# Pick One Exersise For Upper Chest



## solidcecil (Mar 8, 2012)

*Which exercise?*​
High incline Dbs 2133.33%Low incline Dbs 2641.27%High incline Bb 57.94%Low incline Bb 23.17%High incline smith 34.76%Low incline smith 11.59%Reverse Grip bench 23.17%Other (please state)34.76%


----------



## solidcecil (Mar 8, 2012)

I am currently doing a split where I train just one exercise per muscle group every 3-4days.

If you could pick just one exersie for upper chest (as this is a weak point for me) what would you pick?


----------



## DianabolLecter (Sep 9, 2012)

Personally High INcline Smith really pops mine out, i do it after flat bench BB at the moment


----------



## BBaddict (Dec 2, 2008)

Incline bench, if you have an incline bench at your gym that is,

If not just a deep incline dumbbell press


----------



## Outtapped (Dec 10, 2012)

Flyes!


----------



## mygym-mytemple (Jun 8, 2012)

Incline bench doing 1 1/4 reps burns like hell !


----------



## gettingLEAN (Aug 8, 2009)

incline db for me find it hits it the best


----------



## Milky (Nov 30, 2008)

Incline DB's for me, or fliyes


----------



## zack amin (Mar 13, 2012)

tell me what you do for your inner quads and ill tell you what i do for an amazing incline


----------



## Outtapped (Dec 10, 2012)

I'm glad milky said flyes as well!
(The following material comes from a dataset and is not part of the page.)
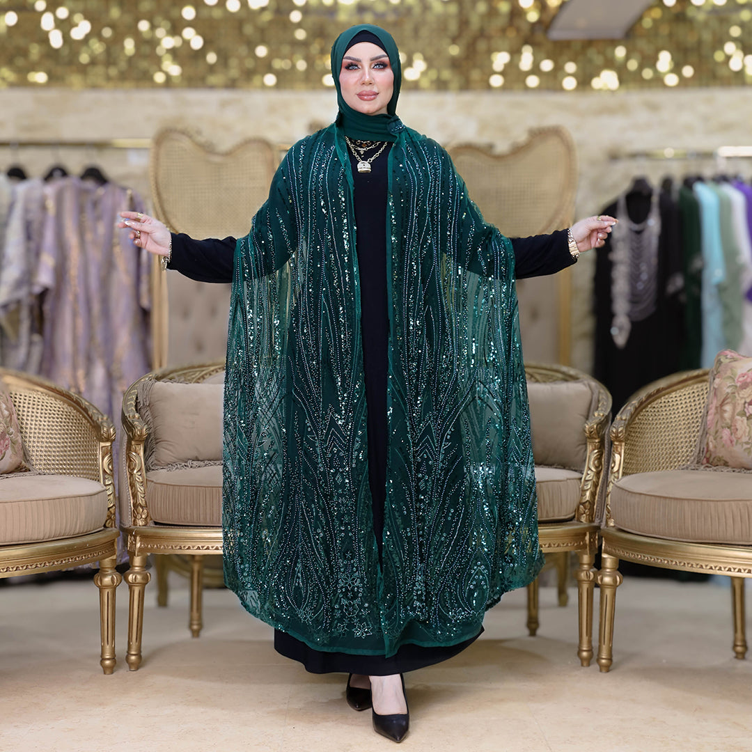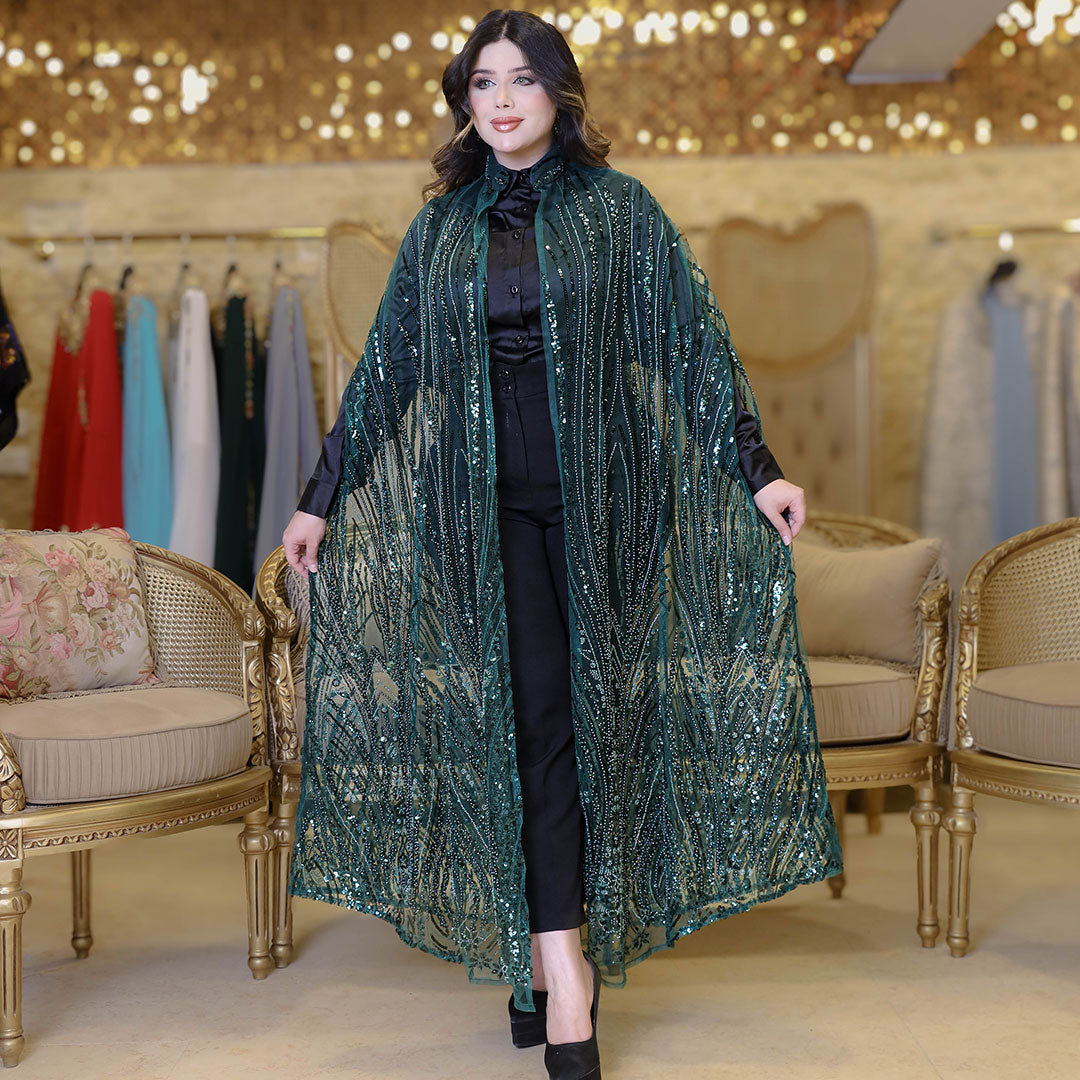 قفطان كاب أورجانزا تطريز فري سايز يناسب ٧٠ك إلى ١٠٠ك

Got to be the main excercise for upper chest surely!


----------



## Kane T (May 18, 2012)

Incline BB for me.


----------



## RowRow (Nov 17, 2011)

Incline dumbbell flyes for sure!


----------



## vetran (Oct 17, 2009)

> ]Personally High INcline Smith really pops mine out' date= i do it after flat bench BB at the moment
> 
> x 2 to finish of then i put it vertical and jump straight into delts


----------



## BigTrev (Mar 16, 2008)

What works for me is inclined db presses at a 45 degree angle

Same with flys


----------



## simonthepieman (Jun 11, 2012)

I couldn't believe it. But I have only just found out that decline bench works my upper chest a treat. Bizzaire, but true


----------



## solidcecil (Mar 8, 2012)

WhySoSerious said:


> Flyes!





Milky said:


> Incline DB's for me, or flyes





RowRow said:


> Incline dumbbell flyes for sure!


So are you guys saying just do flyes and no pressing movement at all?

- - - Updated - - -



simonthepieman said:


> I couldn't believe it. But I have only just found out that decline bench works my upper chest a treat. Bizzaire, but true


Yeah I remember Prodiver was a big preacher about this.


----------



## Outtapped (Dec 10, 2012)

solidcecil said:


> So are you guys saying just do flyes and no pressing movement at all?
> 
> - - - Updated - - -
> 
> Yeah I remember Prodiver was a big preacher about this.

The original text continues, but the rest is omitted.